NO! It’s a Super Butt! Also known as pork steaks, butt steaks, blade steaks, shoulder steaks, and Boston butt steaks. Not a chop… as in pork chop. So much better than that. They are cut from the shoulder of the pig and definitely distinct from a Pork Chop that comes from the loin. Very different.
Pork steaks have more marbling than pork chops, resulting in a tender, richer flavor and juicier texture. They are richer and more robust compared to pork chops, due to the higher fat content. They can be fall apart tender when cooked in a slow cooker.
Pork Steaks are flavorful and versatile and offer a delicious alternative to pork chops or beef steak. Much less expensive than both. Comparison: Chops or Steak can be as high as $12 a pound. Pork steaks are about $3-$4 a pound.
How do you cook at Pork Steak?
I do a quick sear in a hot skillet just like I do a rib eye or sirloin beef steak. It’s quick and efficient for achieving a browned crust and juicy interior. I like to use a cast iron skillet that is super hot…smoking hot. You get tender, juicy, and delicious, just like a beef rib eye.
PAN SEARED PORK STEAK
1 or 2 - 16 ounce pork steaks
1 tablespoon vegetable oil
1 tablespoon butter
Salt and pepper
Season both sides of steak with salt and pepper. You can use other seasonings but you really don’t need to. Let the flavors come out without a lot of seasoning.
Preheat a cast iron skillet for 3 minutes or until very hot.
Add the oil and then the butter until it is starting to smoke.
Add the pork steak and sear 3 minutes on the first side. Then flip the steak and cook 3 minutes more until the internal temperature reaches 165. Do not overcook or they will get chewy. If you want you can put them in the oven on 350 degrees to finish them off.

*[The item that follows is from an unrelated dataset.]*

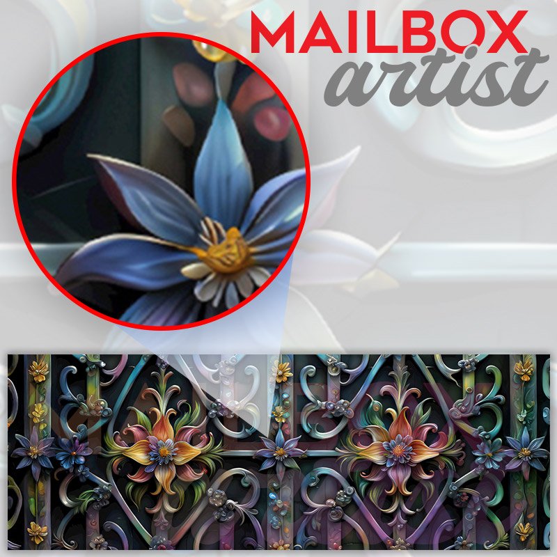 Applying your Forged Iron Gate and Flowers townhouse / ranch mailbox cover it’s pretty easy to convert your mailbox to a special and unique item. These covers require a flat surface, so they work with townhouse / ranch mailboxes that do not have any embossed decoration or signs. Magnetic mailbox covers work with steel boxes, for aluminum and plastic boxes we offer the self-adhesive vinyl covers. In case your mailbox doesn’t work with these covers, you can purchase the preinstalled cover on a brand new mailbox as well. Also, you can create your custom townhouse / ranch mailbox cover using you own pictures, adding your name, street number, etc.

Take off the heat and let rest for 5 minutes before serving. Resting allows the juices to redistribute, ensuring a more tender and flavorful steak.
NOTES:
Cook this hot and fast, like beef. You’ll be searing this on both sides.
Make sure the internal temperature reaches 165 degrees, the safe temperature for pork.
You can finish this in the oven if the outside is seared and you want to avoid overcooking, but still need to bring it up to temperature.